N°15 L'ARCHIPEL DU GOULAG
d'Alexandre Soljenitsyne (1973)
Le numéro 15, le numéro 15, mais bon sang arrêtons de mettre des numéros aux artistes, surtout pour parler d'un dissident qui fut condamné au Goulag pour avoir justement refusé d'être un numéro !
En plus, Alexandre Soljenitsyne, né en 1918 donc âgé de 82 ans, se fiche sûrement de savoir qu'il est classé n° 15 dans notre Top 50 pour sa fresque épique de l'univers concentrationnaire soviétique : L'Archipel du Goulag, publiée à Paris en décembre 1973 et en Russie seulement 17 ans plus tard, en 1990.
Je voudrais être très clair : ce reportage en direct de l'enfer est un des livres les plus insoutenables que j'aie jamais lus de ma vie, et pourtant Dieu sait si j'en ai lu, des livres insoutenables, des 120 journées de Sodome à American Psycho. D'habitude j'adore l'insoutenable, quand il est fictif. Malheureusement tout ce que raconte Soljenitsyne est vrai : les tortures physiques et mentales, les travaux forcés, les punitions, la faim, le froid sibérien (où les crachats après, gèlent avant d'atteindre le sol par moins cinquante), les fosses communes, les tentatives de révolte réprimées avec une implacable violence, les manipulations, les humiliations qui voulaient réduire l'homme à l'état d'animal, et y parvinrent parfois, mais pas toujours : L'Archipel du Goulag est là pour en témoigner. Et tous ces gens étaient innocents : des « agneaux », écrit Soljenitsyne, qui fut déporté pendant 8 ans pour avoir simplement critiqué Staline sans le nommer dans une lettre à un ami! Comme dans La Plaisanterie de Kundera! Ce monument aux morts n'a pas été élevé seul par Soljenitsyne mais grâce à l'assistance et au soutien de 227 autres suppliciés du totalitarisme communiste, au péril de leur vie (ne disposant pas de papier, ils apprirent par cœur le livre) ; et il parle au nom des millions d'autres martyrs de ce qu'il appelle « l'industrie pénitentiaire ».

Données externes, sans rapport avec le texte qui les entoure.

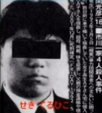 일가족 4명을 살해하고, 여고생을 성폭행했던 세키 데루히코의 나이는 19세였다. 그의 범행은 여고생 아버지의 직장 동료가 집에 전화를 걸었고, 이상함을 눈치채 경찰에 신고하면서 드러났다.
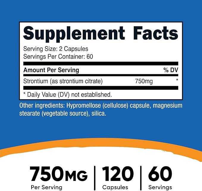 - 375 mg Strontium Per Capsule, 750 mg Strontium Per Serving (1 Serving is 2 Capsules)
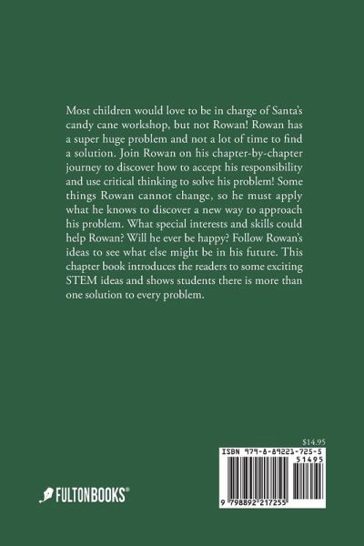 Most children would love to be in charge of Santa's candy cane workshop, but not Rowan! Rowan has a super huge problem and not a lot of time to find a solution. Join Rowan on his chapter-by-chapter journey to discover how to accept his responsibility and use critical thinking to solve his problem! Some things Rowan cannot change, so he must apply what he knows to discover a new way to approach his problem. What special interests and skills could help Rowan? Will he ever be happy? Follow Rowan's ideas to see what else might be in his future. This chapter book introduces the readers to some exciting STEM ideas and shows students there is more than one solution to every problem.
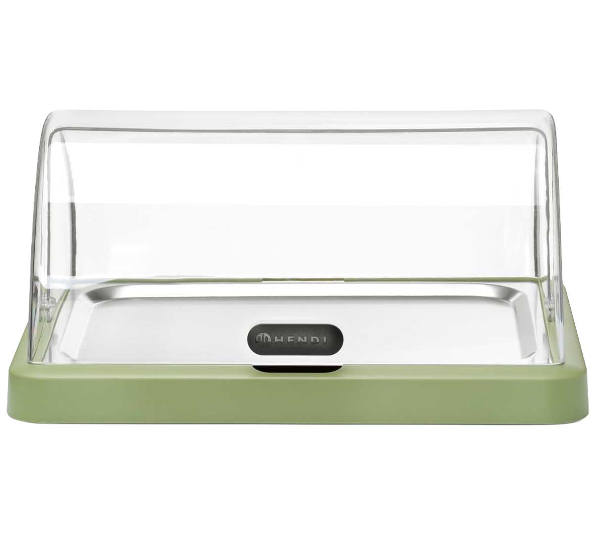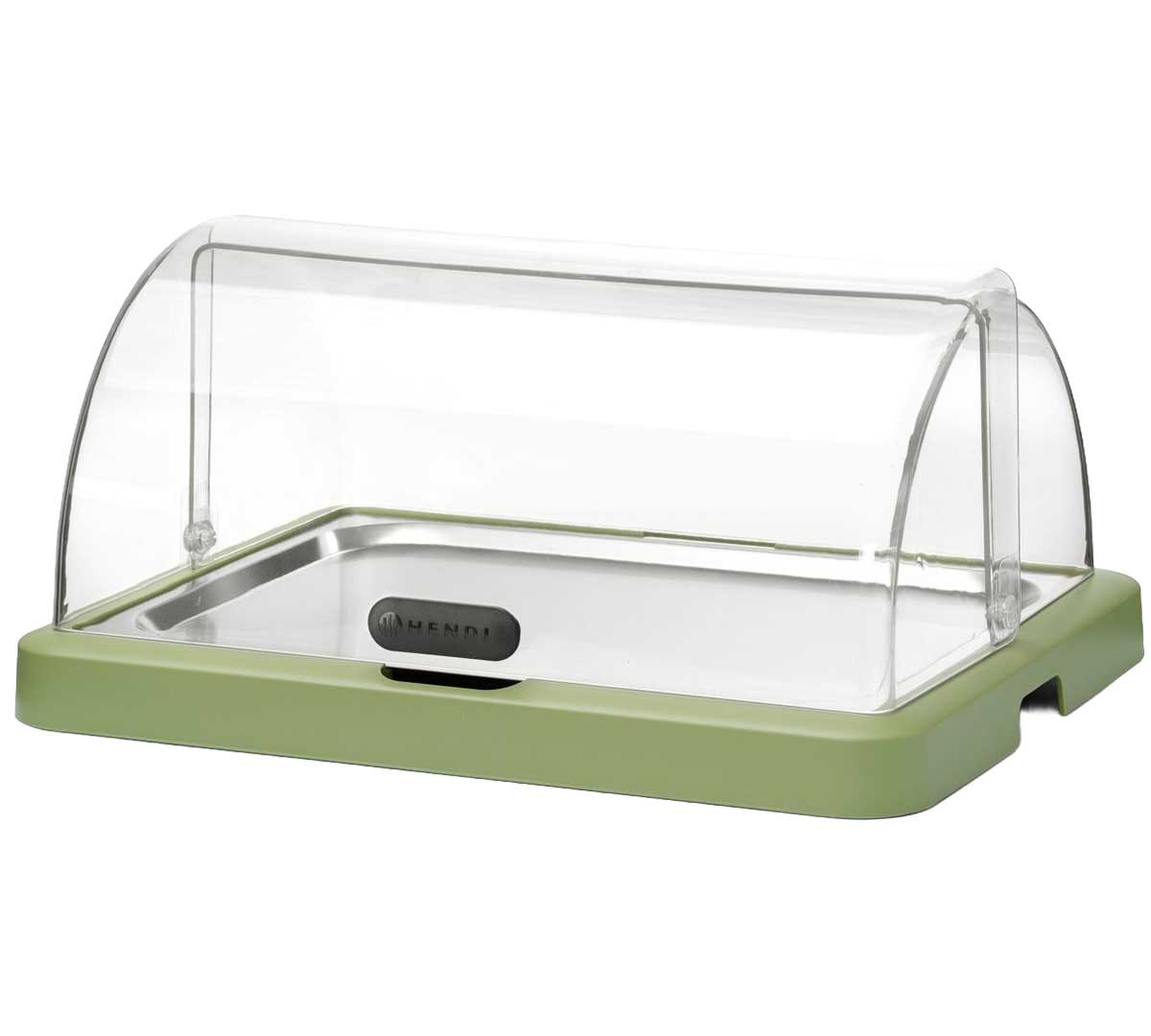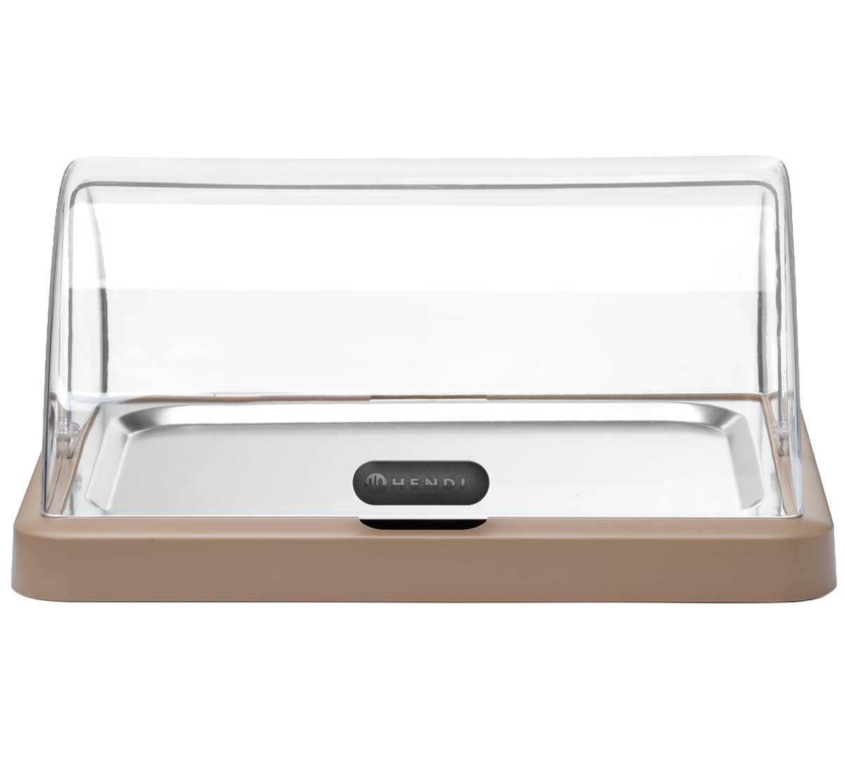 El Expositor con Placa Refrigerante y Tapa Enrollable Uniq de Hendi es una solución elegante y funcional para la exposición y conservación de alimentos fríos en líneas de buffet, catering y restauración.
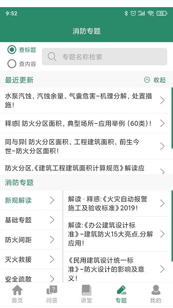 2、包括消防规范网、消防大讲堂、消防专题、消防问答、消防博客、消防头条等专业技术频道。
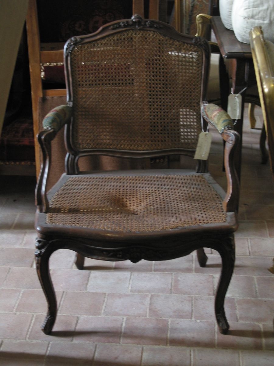 fauteuil époque Louis XV, fût chêne sculpté, siège et dossier canné

D'autres déportés avaient publié des récits terrifiants avant Soljenitsyne : Les Récits de la Kolymade Varlam Chalamov, Le Vertige de Evguenia Ginzburg, mais c'est Soljenitsyne qui révéla vraiment au monde comment l'utopie socialiste avait tourné au cauchemar, ce qui valut à ce nouveau Tolstoï le Prix Nobel de Littérature en 1970, qu'il accepta malgré la censure, avant d'être expulsé d'URSS en février 1974 (il n'y revint que 20 ans après, tel d'Artagnan). On pourrait conclure en disant que, même s'il est idiot de vouloir comparer les deux hécatombes, le génocide nazi avait au moins l'avantage d'être clairement fondé sur la haine raciste, alors que celui des communistes était plus hypocrite puisqu'il prétendait répandre le bonheur sur terre. Je suis surpris par ailleurs de ne pas voir figurer Si c'est un hommede Primo Levi dans ce classement démocratique, livre tout aussi indispensable (même si le Journald'Anne Frank est heureusement là pour représenter la Shoah).

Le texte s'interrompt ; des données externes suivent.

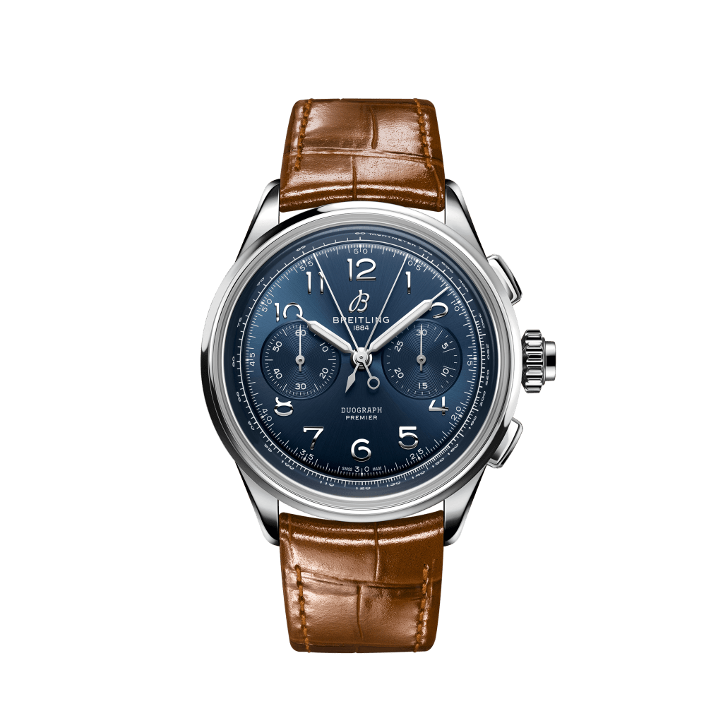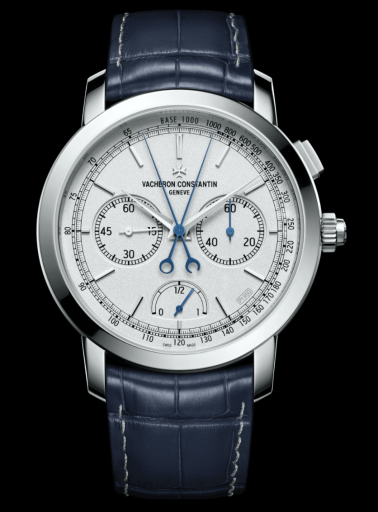 This is possible due to the modular nature of the B01 which allows for stacking parts but makes it a thicker mechanism, 30 mm wide by 8.6 mm thick. The split-seconds mechanism is hidden due to the modularity and there are simplifications in the isolating system for when one hand is paused and the other runs. The overall intention recalls the IWC Doppelchronograph which used a Valjoux 7750 base to run a simplified split-seconds mechanism at an affordable price. It is worth noting that an earlier version was released in 2017 in the Navitimer line but had an automatic movement with a rotor that partially obstructed the view of the movement with the caliber B03. The Premier Duograph in steel is priced at $10,250 which equates to 3.5% of the price of the Vacheron.
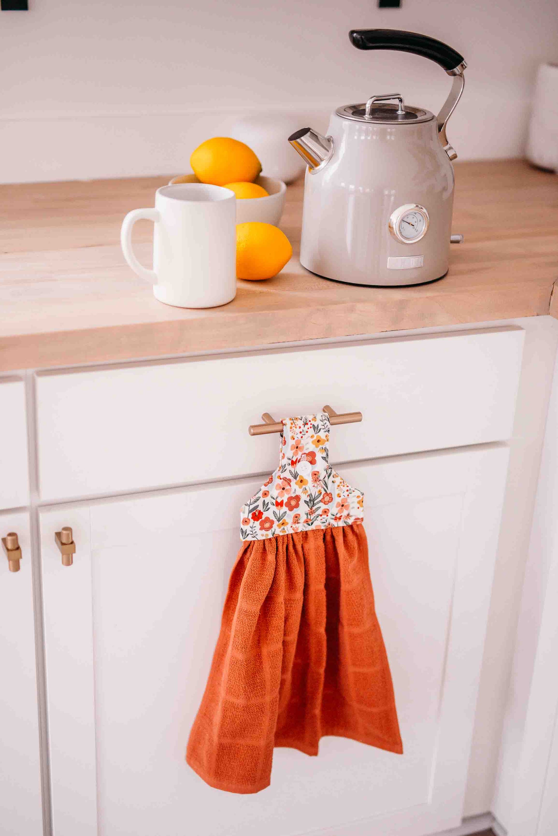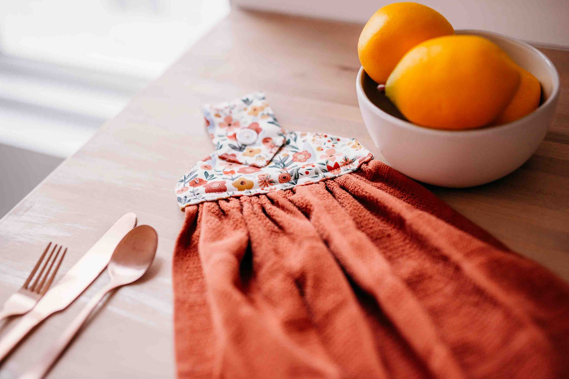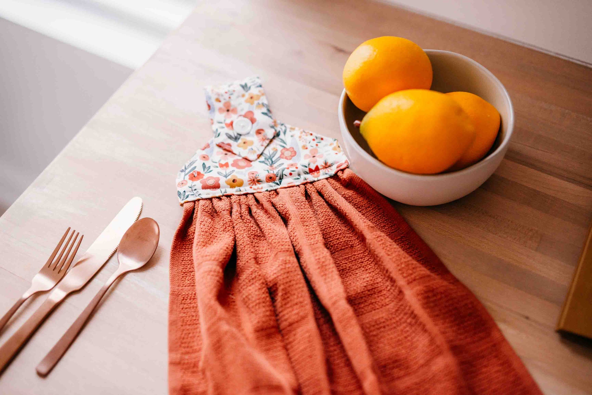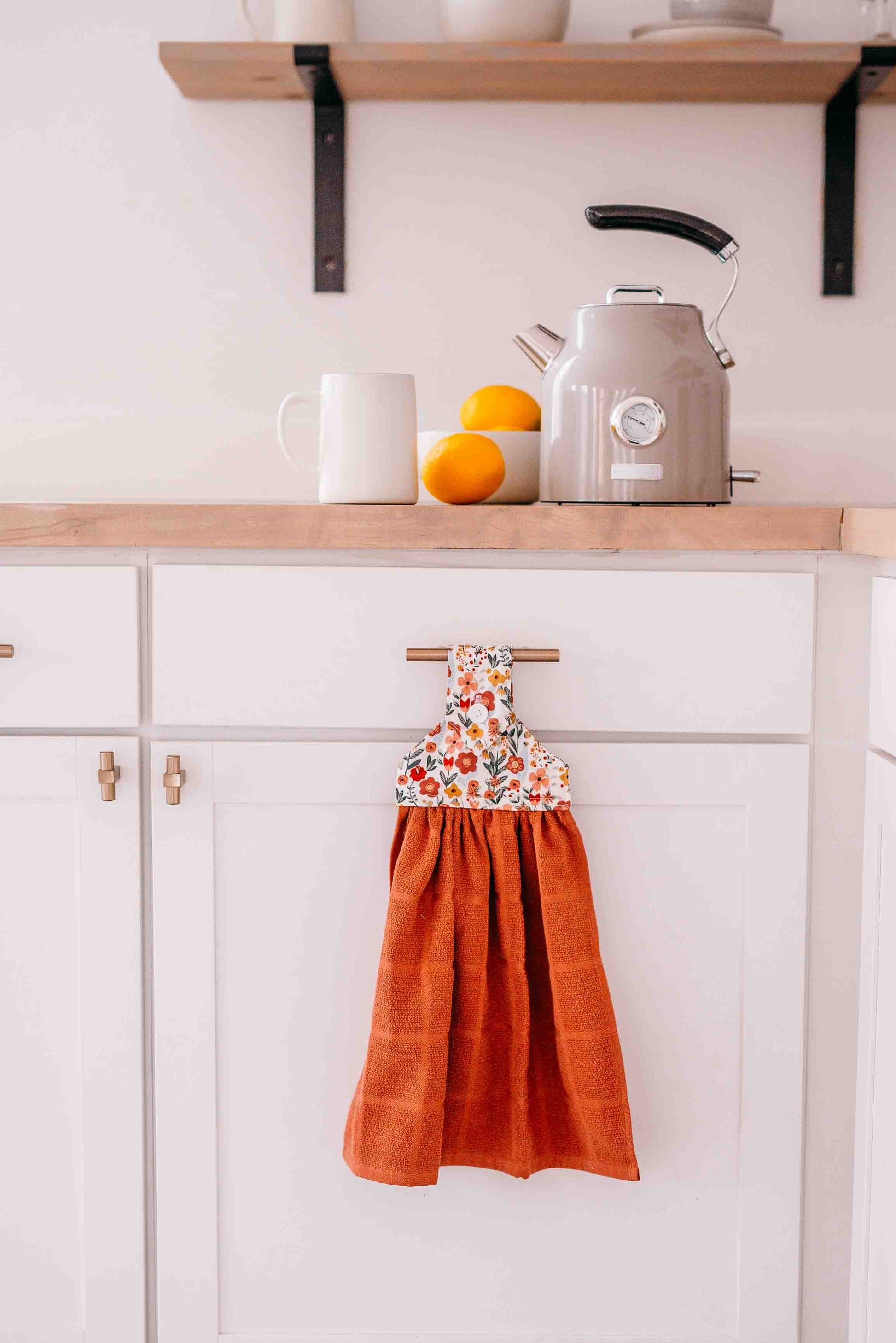 Handmade kitchen hand towel that stays secure with a button and hangs perfectly on an oven handle, dishwasher handle, or towel bar. This towel adds a lovely functional decorative touch to your kitchen. It also makes the perfect housewarming, bridal, or wedding gift. This hanging towel ensures that you always know where your towel is.

Cette série de 50 livres est, au fond, à l'image de notre siècle : elle contient quelques œuvres jolies et légères, comme Gatsby ou Bonjour tristesse,mais aussi beaucoup de livres bouleversants qui montrent à quel point nos 100 dernières années ont battu tous les records en matière de monstruosité, de barbarie, de racisme et de tyrannie. Que faire de tout cela ? En lisant L'Archipel du Goulag on se sent écrasé et impuissant, et simultanément on se dit que toutes ces horreurs doivent bien servir à quelque chose — à ce que plus jamais on n'en arrive là. La leçon que ma génération doit en tirer fait froid dans le dos : et si l'absolue cruauté du siècle précédent nous était tout simplement... utile? Fallait-il en passer par là? L'absurdité de ces tortures deviendrait alors une nécessité et Soljenitsyne, le Dante moderne... un utopiste?

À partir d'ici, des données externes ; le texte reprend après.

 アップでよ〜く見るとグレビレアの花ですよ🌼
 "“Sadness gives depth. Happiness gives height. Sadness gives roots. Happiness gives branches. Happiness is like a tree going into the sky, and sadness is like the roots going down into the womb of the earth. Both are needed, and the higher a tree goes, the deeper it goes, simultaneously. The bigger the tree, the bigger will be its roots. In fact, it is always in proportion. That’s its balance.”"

De toute façon, toute personne qui ne sera pas d'accord avec ce que je viens de dire sera immédiatement arrêtée, enfermée dans un cercueil rempli de punaises, puis plongée pendant 8 heures dans un bain d'eau glacée devant un haut-parleur diffusant en boucle « La Danse des canards ». Car tel est mon bon vouloir.